The more observant among you may have noticed that, thanks to my good friend Wurzel, whose ramblings can be seen at `Wurzel`s thoughts` (see link under `Snopper`s Links`) I have managed to introduce a new feature into these pages. Go to the right and down a bit and you will see `Snopper`s Films.` I hasten to add that this is not a `Top 10` or a list of my favourite films, but just a fairly random list drawn from so many I have seen and enjoyed over the years.
I guess some of my enthusiasm stemmed from my time as a projectionist in the AKC Cinema in Paderborn, Germany, where I endured my National Service, but my love affair with the cinematic world goes much deeper. But, as they say, more on that story later.

On the list I have shown, there is a `+` mark against each film title which, if you click on, something about each film should appear, along with links to the Internet Movie DataBase site for full details, so I won`t go into detail about each one here. However, perhaps one of the entries - `Johnny Frenchman` - deserves a little explanation as to its inclusion, for it most definitely comes into the realms of the obscure.

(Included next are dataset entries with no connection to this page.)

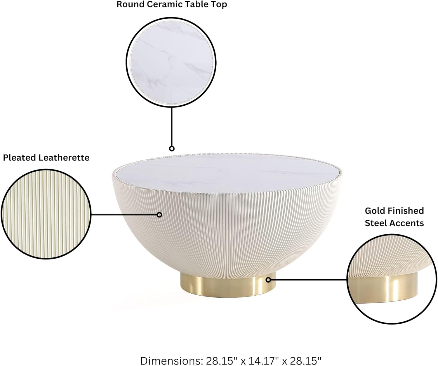 Introducing our striking Modern Anderson End Table, a versatile addition to your living and dining spaces. Crafted with artistic flair, it features unique leatherette pleating and beautiful gold metal finishes that adds a touch of stunning design to your home decor. Built with a high-quality steel frame and feet, this table effortlessly combines style and durability. Pair it with our Manhattan Comfort Coffee Tables to create a cohesive and stylish look, making your living and dining areas stand out. Modern Anderson End Table 2.0 Upholstered in Leatherette with Ceramic Faux Marble Tabletop •Modern End Table for Living Room Use. •Dimension Measures: 18.43 in Length 17.72 in Height 18.43 in Depth •Beautiful Ceramic Marble Table Top. •Unique Pleated Leatherette Details Bringing Modern Design to Your Home. •Features Modern Round Gold Base. •Tabletop Diameter Measures 18.43 inches. •Mix and Match with Manhattan Comfort Coffee Tables. •Delivered to you Fully Assembled! No Assembly Required! Modern Anderson End Table 1.0 Upholstered in Leatherette with Gold Tabletop •Modern End Table for Living Room Use. •Dimension Measures: 15.75 in Length 21.61 in Height 15.75 in Depth •Beautiful Round Gold Steel Table Top. •Unique Pleated Leatherette Details Bringing Modern Design to Your Home. •Features Modern Round Gold Base. •Tabletop Diameter Measures 15.75 inches. •Mix and Match with Manhattan Comfort Coffee Tables. •Delivered to you Fully Assembled! No Assembly Required! Modern Anderson Coffee Table Upholstered in Leatherette with Ceramic Faux Marble Tabletop •Modern End Table for Living Room Use. •Dimension Measures: 28.15 in Length 14.17 in Height 28.15 in Depth •Beautiful Ceramic Marble Table Top. •Unique Pleated Leatherette Details Bringing Modern Design to Your Home. •Features Modern Round Gold Base. •Tabletop Diameter Measures 28.15 inches. •Mix and Match with Manhattan Comfort End Tables. •Delivered to you Fully Assembled! No Assembly Required!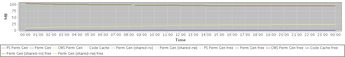 avg(PS Perm Gen) = 0.00 avg(Perm Gen) = 0.00 avg(CMS Perm Gen) = 99.19 avg(Code Cache) = 18.32 avg(Perm Gen [shared-ro]) = 0.00 avg(Perm Gen [shared-rw]) = 0.00 avg(PS Perm Gen free) = 0.00 avg(Perm Gen free) = 0.00 avg(CMS Perm Gen free) = 96.81 avg(Code Cache free) = 0.22 avg(Perm Gen [shared-ro] free) = 0.00 avg(Perm Gen [shared-rw] free) = 0.00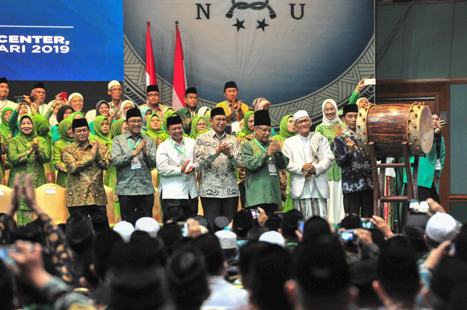Presiden Jokowi memukul beduk tanda pembukaan Konsolidasi Jelang Satu Abad NU, di…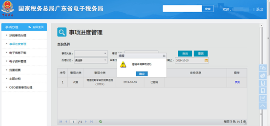 若办理状态为“待受理”,可点击【撤销】按钮撤销当前申请。

I first saw this 1945 black and white epic when I was recuperating from some bug or other and `Johnny Frenchman` came on one weekday afternoon - clearly just to fill time in the tv schedule. But it immediately grabbed my attention for a number of reasons. The acting could flatteringly be described as `wooden,` and the plot `contrived` - it centres around an unlikely drama concerning rivalries between Breton and Cornish fishing folk. But the location was Mevagissey, some of whose inhabitants take impromptu roles in the film, and it gives a good insight into how that lovely Cornish fishing port actually was all those years ago, as opposed to the tourist mecca it has since become.
(click on photo for larger image)

The scene which really stood out for me, though, is when that classically trained Shakespearean actor, Ralph Michael, is quaffing a pint in the Mevagissey local and - in a clipped, quasi-Cornish accent - struggles to utter the Cornish approbation `proper job.` At which point, I collapsed with laughter.